*WHAT YOU WILL DO*.
Nothing is needed except the lines below that run from the one with "trcli_upload_results ジョブは、 Python" through the one with "Effect of quercetin", repeated exactly.

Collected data
◇ ◇ ◇ ◇
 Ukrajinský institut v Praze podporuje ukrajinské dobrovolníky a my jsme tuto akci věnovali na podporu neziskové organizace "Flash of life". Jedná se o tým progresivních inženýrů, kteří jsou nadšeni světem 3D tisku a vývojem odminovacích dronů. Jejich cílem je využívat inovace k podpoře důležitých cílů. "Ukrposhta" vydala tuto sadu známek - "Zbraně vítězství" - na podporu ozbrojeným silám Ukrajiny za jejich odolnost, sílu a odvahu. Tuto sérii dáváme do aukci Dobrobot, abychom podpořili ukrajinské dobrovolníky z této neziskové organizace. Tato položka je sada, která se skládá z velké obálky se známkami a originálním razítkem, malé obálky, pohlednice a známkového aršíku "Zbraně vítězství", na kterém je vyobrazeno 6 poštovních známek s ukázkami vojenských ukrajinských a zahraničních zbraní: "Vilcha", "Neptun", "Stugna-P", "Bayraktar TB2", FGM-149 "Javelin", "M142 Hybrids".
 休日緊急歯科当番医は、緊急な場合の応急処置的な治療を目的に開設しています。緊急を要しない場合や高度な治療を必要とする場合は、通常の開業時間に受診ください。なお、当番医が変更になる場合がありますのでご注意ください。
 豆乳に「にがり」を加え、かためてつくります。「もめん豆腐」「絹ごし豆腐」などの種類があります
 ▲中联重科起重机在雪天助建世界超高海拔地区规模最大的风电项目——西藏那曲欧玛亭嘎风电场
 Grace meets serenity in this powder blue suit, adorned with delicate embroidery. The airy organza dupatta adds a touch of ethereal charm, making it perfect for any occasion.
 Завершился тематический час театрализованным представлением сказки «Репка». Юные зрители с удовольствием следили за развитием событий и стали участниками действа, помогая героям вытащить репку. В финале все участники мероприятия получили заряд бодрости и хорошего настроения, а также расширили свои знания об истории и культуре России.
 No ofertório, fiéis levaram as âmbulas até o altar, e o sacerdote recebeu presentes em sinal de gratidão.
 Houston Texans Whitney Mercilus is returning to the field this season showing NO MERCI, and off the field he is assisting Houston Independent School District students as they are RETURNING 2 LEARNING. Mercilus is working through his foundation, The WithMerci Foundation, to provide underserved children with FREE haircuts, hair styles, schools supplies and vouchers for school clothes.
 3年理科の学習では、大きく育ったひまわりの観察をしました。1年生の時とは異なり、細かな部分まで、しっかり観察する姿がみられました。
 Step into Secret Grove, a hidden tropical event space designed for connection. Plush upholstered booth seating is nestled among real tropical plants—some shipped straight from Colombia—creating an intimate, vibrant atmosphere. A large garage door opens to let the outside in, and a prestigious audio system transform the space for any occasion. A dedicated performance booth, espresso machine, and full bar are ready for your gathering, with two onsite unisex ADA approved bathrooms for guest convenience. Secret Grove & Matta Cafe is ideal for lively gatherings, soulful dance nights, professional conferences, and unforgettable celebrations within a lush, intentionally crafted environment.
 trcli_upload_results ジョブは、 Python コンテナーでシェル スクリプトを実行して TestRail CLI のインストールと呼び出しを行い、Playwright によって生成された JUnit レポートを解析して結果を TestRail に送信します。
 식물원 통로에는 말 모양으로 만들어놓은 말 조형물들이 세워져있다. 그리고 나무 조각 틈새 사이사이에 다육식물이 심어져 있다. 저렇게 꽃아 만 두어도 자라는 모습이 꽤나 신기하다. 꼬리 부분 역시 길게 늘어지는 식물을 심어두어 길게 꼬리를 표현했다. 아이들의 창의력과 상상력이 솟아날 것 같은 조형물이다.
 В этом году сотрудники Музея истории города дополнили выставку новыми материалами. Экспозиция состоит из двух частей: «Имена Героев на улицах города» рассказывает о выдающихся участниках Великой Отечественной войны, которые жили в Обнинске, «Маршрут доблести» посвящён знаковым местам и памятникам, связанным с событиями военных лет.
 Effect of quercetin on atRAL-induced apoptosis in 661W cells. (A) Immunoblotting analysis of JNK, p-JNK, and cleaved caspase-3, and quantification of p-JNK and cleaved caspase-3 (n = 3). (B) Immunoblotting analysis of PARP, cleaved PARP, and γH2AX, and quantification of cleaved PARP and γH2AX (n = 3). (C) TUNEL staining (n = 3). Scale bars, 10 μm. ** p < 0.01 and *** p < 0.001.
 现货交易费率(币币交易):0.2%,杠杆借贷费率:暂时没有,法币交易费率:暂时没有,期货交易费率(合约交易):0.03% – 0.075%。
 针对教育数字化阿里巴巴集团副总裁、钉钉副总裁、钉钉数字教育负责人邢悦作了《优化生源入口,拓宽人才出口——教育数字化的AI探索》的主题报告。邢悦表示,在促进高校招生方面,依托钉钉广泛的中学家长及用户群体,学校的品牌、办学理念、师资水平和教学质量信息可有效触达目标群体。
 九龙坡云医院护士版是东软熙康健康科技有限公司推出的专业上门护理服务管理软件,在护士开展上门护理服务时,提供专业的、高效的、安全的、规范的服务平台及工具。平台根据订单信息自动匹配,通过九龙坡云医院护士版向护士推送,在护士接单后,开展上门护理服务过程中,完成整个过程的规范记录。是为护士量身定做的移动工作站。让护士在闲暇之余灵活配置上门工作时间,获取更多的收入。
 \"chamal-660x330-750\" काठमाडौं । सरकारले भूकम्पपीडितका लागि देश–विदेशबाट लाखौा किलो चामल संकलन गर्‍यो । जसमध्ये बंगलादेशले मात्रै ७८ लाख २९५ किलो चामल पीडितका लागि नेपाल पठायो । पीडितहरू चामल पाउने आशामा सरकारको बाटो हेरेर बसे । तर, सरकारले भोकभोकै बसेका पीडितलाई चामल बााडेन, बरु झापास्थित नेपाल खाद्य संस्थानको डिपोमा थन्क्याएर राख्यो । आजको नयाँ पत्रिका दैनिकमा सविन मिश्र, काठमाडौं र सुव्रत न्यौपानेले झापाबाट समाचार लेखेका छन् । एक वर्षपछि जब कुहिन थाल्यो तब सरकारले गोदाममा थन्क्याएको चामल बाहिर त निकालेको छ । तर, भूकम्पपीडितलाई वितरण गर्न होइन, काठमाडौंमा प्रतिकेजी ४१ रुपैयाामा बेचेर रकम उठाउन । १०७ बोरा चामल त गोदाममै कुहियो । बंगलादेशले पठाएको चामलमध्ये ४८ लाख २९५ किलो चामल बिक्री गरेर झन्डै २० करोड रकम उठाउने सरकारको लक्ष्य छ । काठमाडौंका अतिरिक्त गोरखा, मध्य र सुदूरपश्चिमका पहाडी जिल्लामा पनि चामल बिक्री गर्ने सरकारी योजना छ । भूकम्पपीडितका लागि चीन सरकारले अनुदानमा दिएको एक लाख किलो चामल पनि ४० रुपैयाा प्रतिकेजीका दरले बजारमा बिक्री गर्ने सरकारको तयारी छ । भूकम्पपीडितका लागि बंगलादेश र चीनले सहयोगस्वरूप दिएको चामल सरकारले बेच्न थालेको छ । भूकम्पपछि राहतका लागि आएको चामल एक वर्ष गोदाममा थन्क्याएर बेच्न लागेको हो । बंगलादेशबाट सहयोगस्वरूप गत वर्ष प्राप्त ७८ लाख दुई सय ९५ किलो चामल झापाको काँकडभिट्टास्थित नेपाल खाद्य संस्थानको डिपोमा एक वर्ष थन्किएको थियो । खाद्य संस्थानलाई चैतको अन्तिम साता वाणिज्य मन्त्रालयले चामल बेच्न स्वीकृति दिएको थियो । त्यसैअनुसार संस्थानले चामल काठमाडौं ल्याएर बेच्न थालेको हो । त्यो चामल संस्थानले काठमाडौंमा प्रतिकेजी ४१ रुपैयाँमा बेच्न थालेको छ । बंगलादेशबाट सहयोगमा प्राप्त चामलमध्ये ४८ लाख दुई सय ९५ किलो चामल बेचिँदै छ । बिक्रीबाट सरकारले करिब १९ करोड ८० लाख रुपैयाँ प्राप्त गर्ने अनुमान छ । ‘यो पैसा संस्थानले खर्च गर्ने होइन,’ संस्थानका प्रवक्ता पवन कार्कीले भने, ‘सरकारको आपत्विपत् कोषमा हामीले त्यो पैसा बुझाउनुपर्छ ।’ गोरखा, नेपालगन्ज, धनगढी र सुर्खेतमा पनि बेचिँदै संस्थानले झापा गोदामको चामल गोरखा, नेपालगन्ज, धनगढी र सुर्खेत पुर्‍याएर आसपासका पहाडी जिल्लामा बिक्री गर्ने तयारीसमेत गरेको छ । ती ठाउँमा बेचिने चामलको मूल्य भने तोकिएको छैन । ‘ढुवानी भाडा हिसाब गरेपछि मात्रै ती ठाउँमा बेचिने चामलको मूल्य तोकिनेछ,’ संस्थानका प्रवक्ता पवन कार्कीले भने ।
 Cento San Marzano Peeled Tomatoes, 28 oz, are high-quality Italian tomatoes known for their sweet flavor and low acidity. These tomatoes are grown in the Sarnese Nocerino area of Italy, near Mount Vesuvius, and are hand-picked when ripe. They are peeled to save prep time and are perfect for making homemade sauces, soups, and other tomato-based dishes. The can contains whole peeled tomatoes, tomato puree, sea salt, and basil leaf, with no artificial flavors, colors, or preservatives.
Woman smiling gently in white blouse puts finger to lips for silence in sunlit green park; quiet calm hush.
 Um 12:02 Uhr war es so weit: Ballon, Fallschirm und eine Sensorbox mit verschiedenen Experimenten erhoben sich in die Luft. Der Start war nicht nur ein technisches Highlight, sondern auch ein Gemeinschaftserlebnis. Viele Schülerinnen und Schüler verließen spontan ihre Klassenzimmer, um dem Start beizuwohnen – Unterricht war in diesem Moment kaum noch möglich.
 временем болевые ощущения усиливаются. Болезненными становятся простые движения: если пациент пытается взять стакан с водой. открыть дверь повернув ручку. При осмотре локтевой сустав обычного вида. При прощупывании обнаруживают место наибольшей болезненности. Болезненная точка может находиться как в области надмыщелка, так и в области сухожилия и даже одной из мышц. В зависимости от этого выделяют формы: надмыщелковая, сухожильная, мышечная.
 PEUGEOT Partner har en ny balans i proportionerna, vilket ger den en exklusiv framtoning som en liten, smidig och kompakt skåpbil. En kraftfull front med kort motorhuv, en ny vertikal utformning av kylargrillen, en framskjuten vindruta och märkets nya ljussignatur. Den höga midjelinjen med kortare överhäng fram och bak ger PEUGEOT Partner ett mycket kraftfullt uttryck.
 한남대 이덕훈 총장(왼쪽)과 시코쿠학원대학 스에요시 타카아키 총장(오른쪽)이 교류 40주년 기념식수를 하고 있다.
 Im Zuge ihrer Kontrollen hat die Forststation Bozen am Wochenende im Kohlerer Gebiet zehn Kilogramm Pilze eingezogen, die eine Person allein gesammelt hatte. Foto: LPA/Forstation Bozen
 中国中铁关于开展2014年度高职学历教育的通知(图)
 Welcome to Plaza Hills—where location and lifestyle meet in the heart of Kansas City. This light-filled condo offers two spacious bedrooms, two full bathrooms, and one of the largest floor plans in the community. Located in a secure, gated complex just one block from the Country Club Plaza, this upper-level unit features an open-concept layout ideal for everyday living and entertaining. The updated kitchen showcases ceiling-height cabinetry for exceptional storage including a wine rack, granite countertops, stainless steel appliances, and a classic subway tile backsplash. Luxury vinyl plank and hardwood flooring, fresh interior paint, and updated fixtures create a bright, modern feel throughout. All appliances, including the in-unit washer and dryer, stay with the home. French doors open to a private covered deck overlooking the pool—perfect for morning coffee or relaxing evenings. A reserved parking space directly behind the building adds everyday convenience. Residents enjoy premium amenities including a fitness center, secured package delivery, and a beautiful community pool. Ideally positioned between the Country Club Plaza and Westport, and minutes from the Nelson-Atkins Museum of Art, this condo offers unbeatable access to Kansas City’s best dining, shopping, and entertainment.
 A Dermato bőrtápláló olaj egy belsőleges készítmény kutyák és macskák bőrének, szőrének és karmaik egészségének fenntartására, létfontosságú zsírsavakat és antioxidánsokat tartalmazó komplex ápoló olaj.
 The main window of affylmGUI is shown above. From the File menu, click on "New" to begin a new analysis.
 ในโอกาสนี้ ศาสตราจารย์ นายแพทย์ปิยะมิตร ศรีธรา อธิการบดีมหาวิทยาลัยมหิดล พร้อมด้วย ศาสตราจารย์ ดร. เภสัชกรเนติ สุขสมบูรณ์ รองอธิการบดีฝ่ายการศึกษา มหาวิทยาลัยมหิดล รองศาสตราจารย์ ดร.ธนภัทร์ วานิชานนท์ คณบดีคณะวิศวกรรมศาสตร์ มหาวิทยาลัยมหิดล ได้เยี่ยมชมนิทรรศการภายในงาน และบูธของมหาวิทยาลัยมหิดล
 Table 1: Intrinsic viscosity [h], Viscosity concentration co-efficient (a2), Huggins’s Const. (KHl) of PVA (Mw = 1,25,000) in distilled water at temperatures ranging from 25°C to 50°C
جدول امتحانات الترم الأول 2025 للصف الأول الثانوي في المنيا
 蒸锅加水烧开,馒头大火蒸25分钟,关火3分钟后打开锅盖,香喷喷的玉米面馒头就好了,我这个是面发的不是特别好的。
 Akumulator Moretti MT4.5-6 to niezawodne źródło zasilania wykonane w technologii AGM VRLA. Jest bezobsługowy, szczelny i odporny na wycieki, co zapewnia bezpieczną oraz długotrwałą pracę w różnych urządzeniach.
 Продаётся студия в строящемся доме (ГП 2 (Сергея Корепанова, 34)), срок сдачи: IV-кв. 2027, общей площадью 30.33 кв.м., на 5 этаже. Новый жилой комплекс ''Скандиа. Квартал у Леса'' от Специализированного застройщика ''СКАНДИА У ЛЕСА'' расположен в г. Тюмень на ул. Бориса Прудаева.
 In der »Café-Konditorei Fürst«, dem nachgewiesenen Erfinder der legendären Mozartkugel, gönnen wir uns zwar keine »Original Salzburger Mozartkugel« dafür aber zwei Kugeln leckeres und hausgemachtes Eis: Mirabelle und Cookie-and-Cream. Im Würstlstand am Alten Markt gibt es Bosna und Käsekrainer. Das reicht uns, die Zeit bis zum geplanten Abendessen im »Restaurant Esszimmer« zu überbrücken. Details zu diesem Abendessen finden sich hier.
◇ ◇ ◇ ◇
*SOLUTION FOR THIS EXERCISE*.
 trcli_upload_results ジョブは、 Python コンテナーでシェル スクリプトを実行して TestRail CLI のインストールと呼び出しを行い、Playwright によって生成された JUnit レポートを解析して結果を TestRail に送信します。
 식물원 통로에는 말 모양으로 만들어놓은 말 조형물들이 세워져있다. 그리고 나무 조각 틈새 사이사이에 다육식물이 심어져 있다. 저렇게 꽃아 만 두어도 자라는 모습이 꽤나 신기하다. 꼬리 부분 역시 길게 늘어지는 식물을 심어두어 길게 꼬리를 표현했다. 아이들의 창의력과 상상력이 솟아날 것 같은 조형물이다.
 В этом году сотрудники Музея истории города дополнили выставку новыми материалами. Экспозиция состоит из двух частей: «Имена Героев на улицах города» рассказывает о выдающихся участниках Великой Отечественной войны, которые жили в Обнинске, «Маршрут доблести» посвящён знаковым местам и памятникам, связанным с событиями военных лет.
 Effect of quercetin on atRAL-induced apoptosis in 661W cells. (A) Immunoblotting analysis of JNK, p-JNK, and cleaved caspase-3, and quantification of p-JNK and cleaved caspase-3 (n = 3). (B) Immunoblotting analysis of PARP, cleaved PARP, and γH2AX, and quantification of cleaved PARP and γH2AX (n = 3). (C) TUNEL staining (n = 3). Scale bars, 10 μm. ** p < 0.01 and *** p < 0.001.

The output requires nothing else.